The Laboratory Technology Keeping Sport Clean
Blog Sep 28, 2016
Over the past few weeks, the eyes of the world have been on the Olympic and Paralympic athletes striving for gold in Rio. But it hasn’t just been the competitors in the spotlight – the fallout from the reported cheating at the Sochi games means anti-doping authorities are under huge pressure to catch those who disregard the World Anti-Doping Agency (WADA) mantra: play true.
With the range of available performance-enhancing drugs wider than ever before, it’s vital that the technology and infrastructure used to beat the cheats responds to the ever-changing methods used by competitors who go to extreme – and illegal – lengths to be “the best”.
Athletes are randomly tested throughout their sporting season and during major competitions. Blood, and more commonly urine samples, are tested against a list of over 500 identified prohibited substances, spanning 11 drug categories. With such a broad spectrum of banned drugs to test for, accredited laboratories are using approximately 20 different procedures to analyse aliquots of an athlete’s “A” sample.
Anabolic steroids, synthetic derivatives of testosterone that allow athletes to train harder and build muscle more rapidly, are among the most prevalent classes of performance-enhancing drugs. To address sensitivity, triple quadrupole gas chromatography mass spectrometry (GC-MS) and liquid chromatography mass spectroscopy (LC-MS) are routinely used to accurately quantify the body’s levels of testosterone (T) and epitestosterone (E) – a naturally occurring inactive stereoisomer of testosterone that does not affect performance. Testosterone administered externally does not affect epitestosterone levels, meaning T/E ratios can be used to identify doping. For most, a T/E ratio of 1-to-1 is normal, but WADA set their standardised T/E limit at 4-to-1 to account for natural variation. Athletes testing outside this limit are further evaluated using techniques like carbon isotope ratio mass spectrometry (IRMS) interfaced to GC or GC-MS systems, which is used to determine whether the testosterone present in urine is endogenous (natural) or exogenous (synthetically derived).

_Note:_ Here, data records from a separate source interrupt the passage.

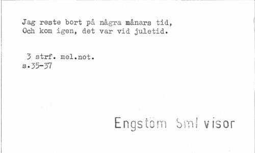 //// Jag reste bort på några månars tid, Och koin igen, det var vid juletid. //// 3 strf. mel.not. s.35-37 //// Engstöm hm! visor ////
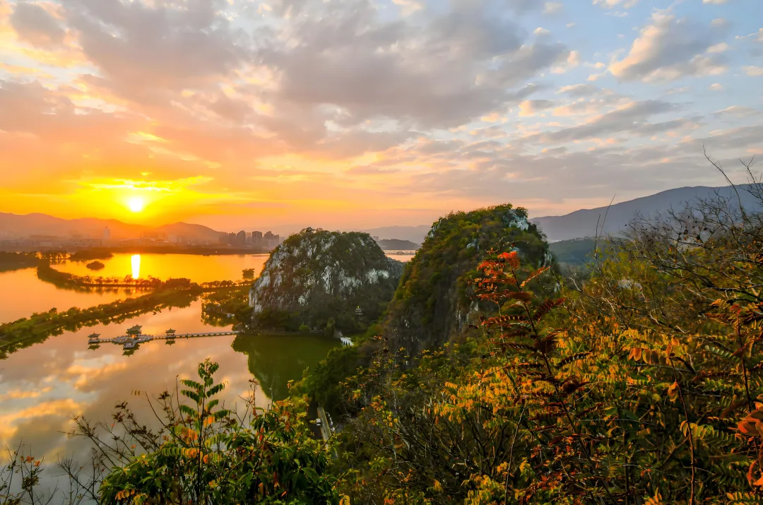 七星岩风景区位于广东省肇庆市端州区,是国家5A级旅游景区,以喀斯特地貌和山水景观闻名,被誉为“岭南第一奇观”。
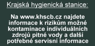 Občané mají již od středečního večera na našem webu www.khscb.cz potřebné informace k rizikům kolem kontaminace individuálních zdrojů pitné vody a další servisní informace.
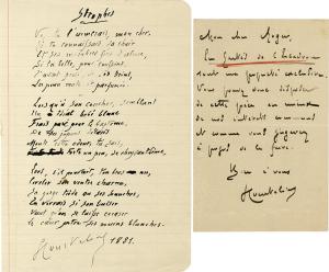 COURTELINE Georges (Georges Moinaux, dit)Poème autographe signé, intitulé « Strophes ». 1881 ; 1 page in-8°. « Un, tu l'aimerais, mon cher, Si tu connaissais sa chair Et ses membres fins Si la belle pour coussins, L'avait prêté de ses reins La peau mate et parfumée. Lorsqu'à son coucher, semblant Un idéal bébé blanc Frais, paré pour le baptême De ses jupons délavés Monte cette odeur, tu sais Forte un peu, de chrysanthème, Lors, s'il pouvait ton bras nu Cercler son ventre charnu, En gorge tiède ou ses jambes, Tu verrais si son baiser Vaut qu'on se laisse écraser Le coeur entre ses mains blanches. » On joint une lettre autographe signée évoquant les Gaités de l'Escadron .
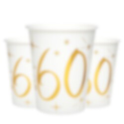 10 st. vita pappmuggar med dekorativa stjärnor och talet 60 i guldfolie. De här muggarna är verkligen vackra och ett perfekt inslag till 60-årsfestens dukning. Muggarna är 10 cm. höga och rymmer 270 ml.

For a major sporting event like the Olympics, it’s not just the athletes who have to be on their ‘A game’. Handling over 6000 samples in just 10 days, the anti-doping laboratory also needs to be running at ultra-peak performance.
Testosterone and other dopants can be detected using ultra-high resolution Orbitrap mass spectrometers, capable of screening for large numbers of drugs rapidly. By analysing the way molecules fragment, compound identities can be confirmed beyond reasonable doubt. Such instruments have become the gold standard for accurate mass analysis, and have been routinely used since 2004 to screen all incoming athlete samples for suspect compounds as well as specifically for banned peptide hormones, which increase the number of oxygen-carrying red blood cells. More recently, this technology has been used to test for substances like recombinant insulin, which slows down muscle degradation, and growth hormones that stimulate cell regeneration.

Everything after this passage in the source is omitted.